An embodiment of the present invention is shown in FIGS. 1 and 2.
Fig. 1 shows a plan view of the semiconductor element before resin sealing, and Fig.
The figure shows a cross-sectional view of the semiconductor element after resin sealing. In the figure, fi+...α-ray barrier membrane, (2)...
・Semiconductor X element, [31...Lead frame, (4)・
...Raw material, t5+...α-ray blocking adhesive, (6)

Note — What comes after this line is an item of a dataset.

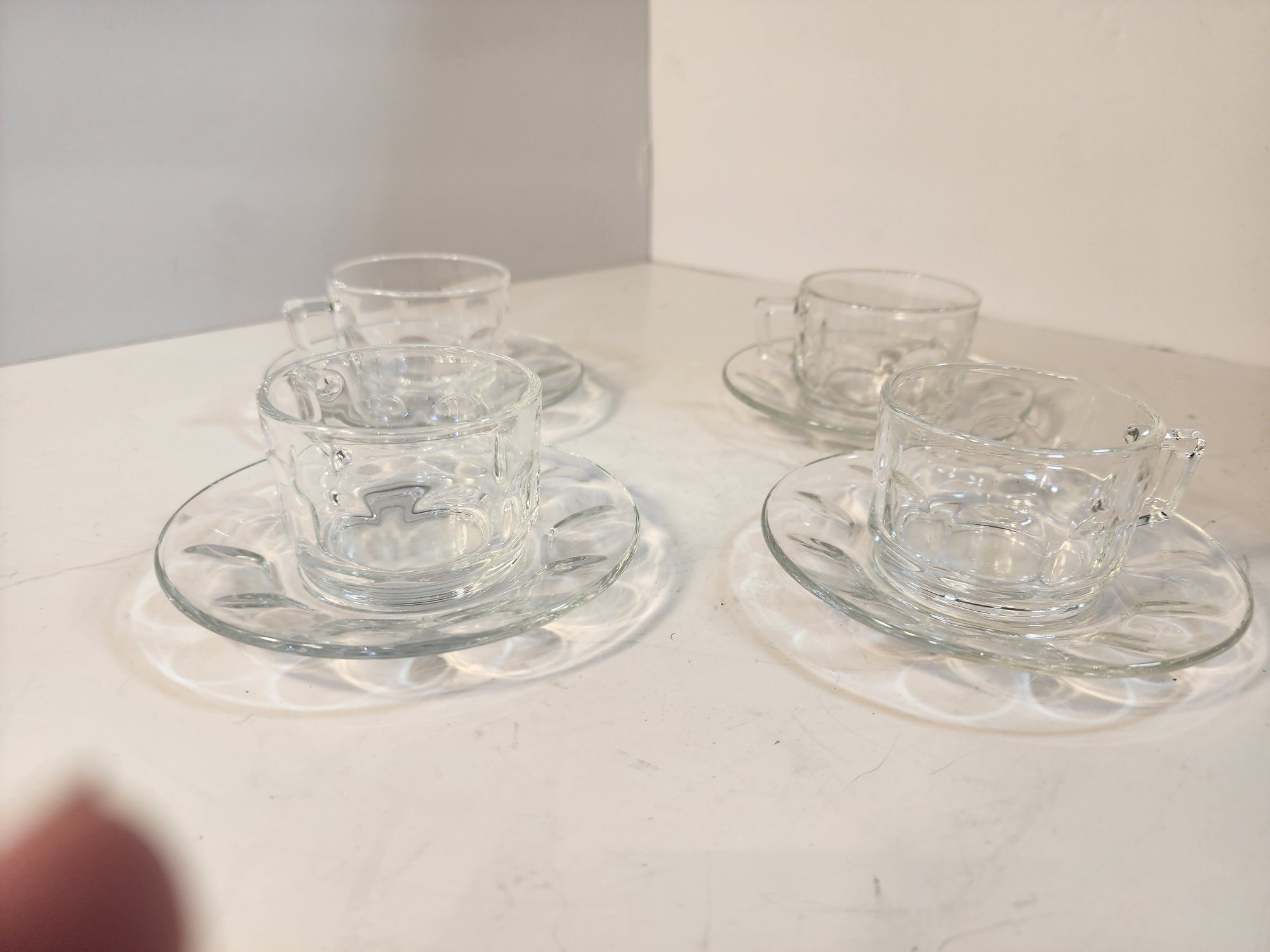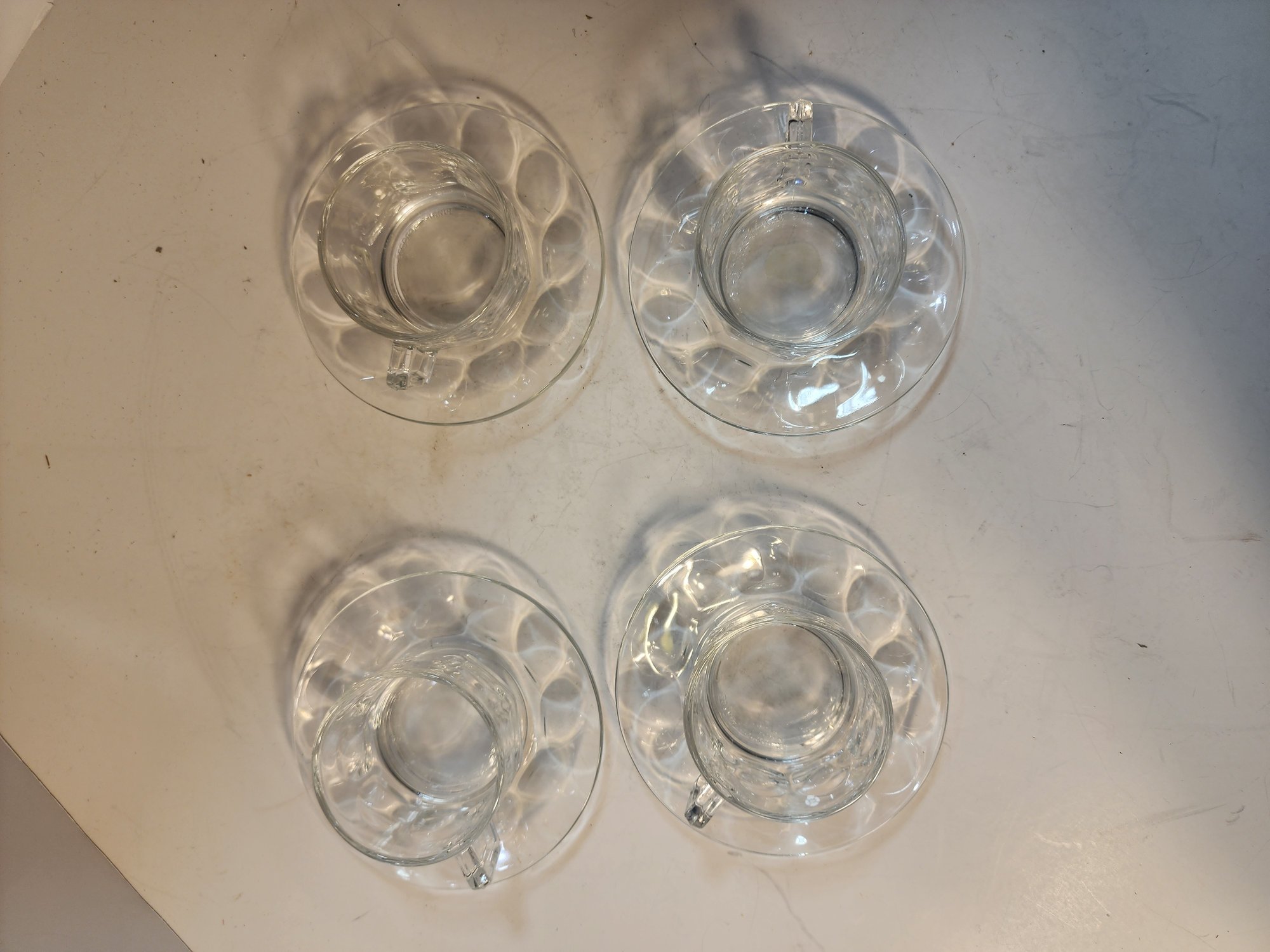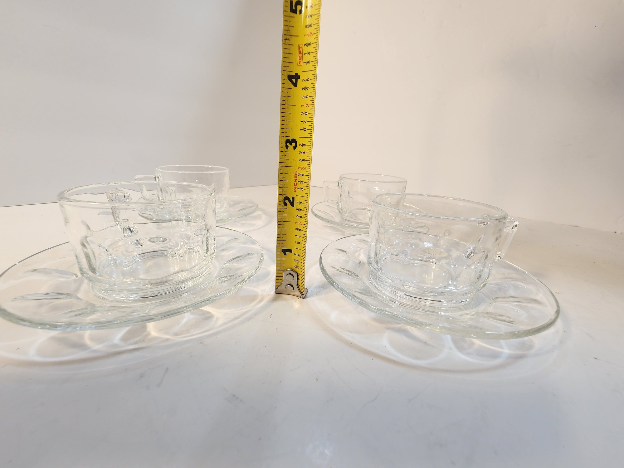 #22 4 Teacup And Saucer Sets Clear Glass From France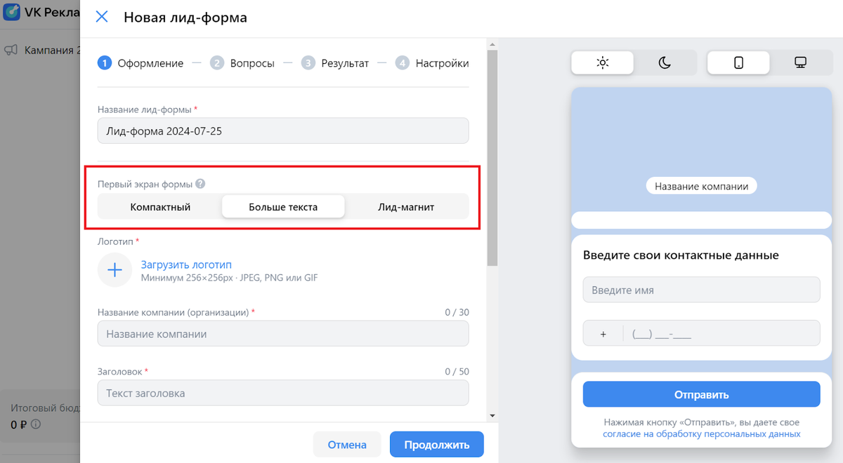 - Используйте вариант с длинным описанием. Для этого при создании лид-формы в рекламном кабинете выберите вариант «Больше текста».

. . . alpha ray shielding sheet, (7) . . . activated surface region, (8) . . . sealing resin, (9) . . . Au wire. Agent Makoto Kuzuno - Procedural amendment (voluntary) Commissioner of the Japan Patent Office 1. Indication of the case: Japanese Patent Application No. 57-007957 2. Title of the invention: Resin-encapsulated semiconductor device 3. Relationship with the person making the amendment: Patent application Person (+) 5. Column 6 of the detailed description of the invention in the specification to be amended, amend the description of the contents of the amendment as follows.

Claims (1)

[Claims] An α-ray repellent film is formed to cover the active surface area of the semiconductor element, and an α-ray repellent sheet is fixed onto the α-ray repellent film via a heat-resistant adhesive having an α-ray repellent effect. , a resin-sealed semiconductor device characterized in that the entire circumference is further sealed with a sealing resin.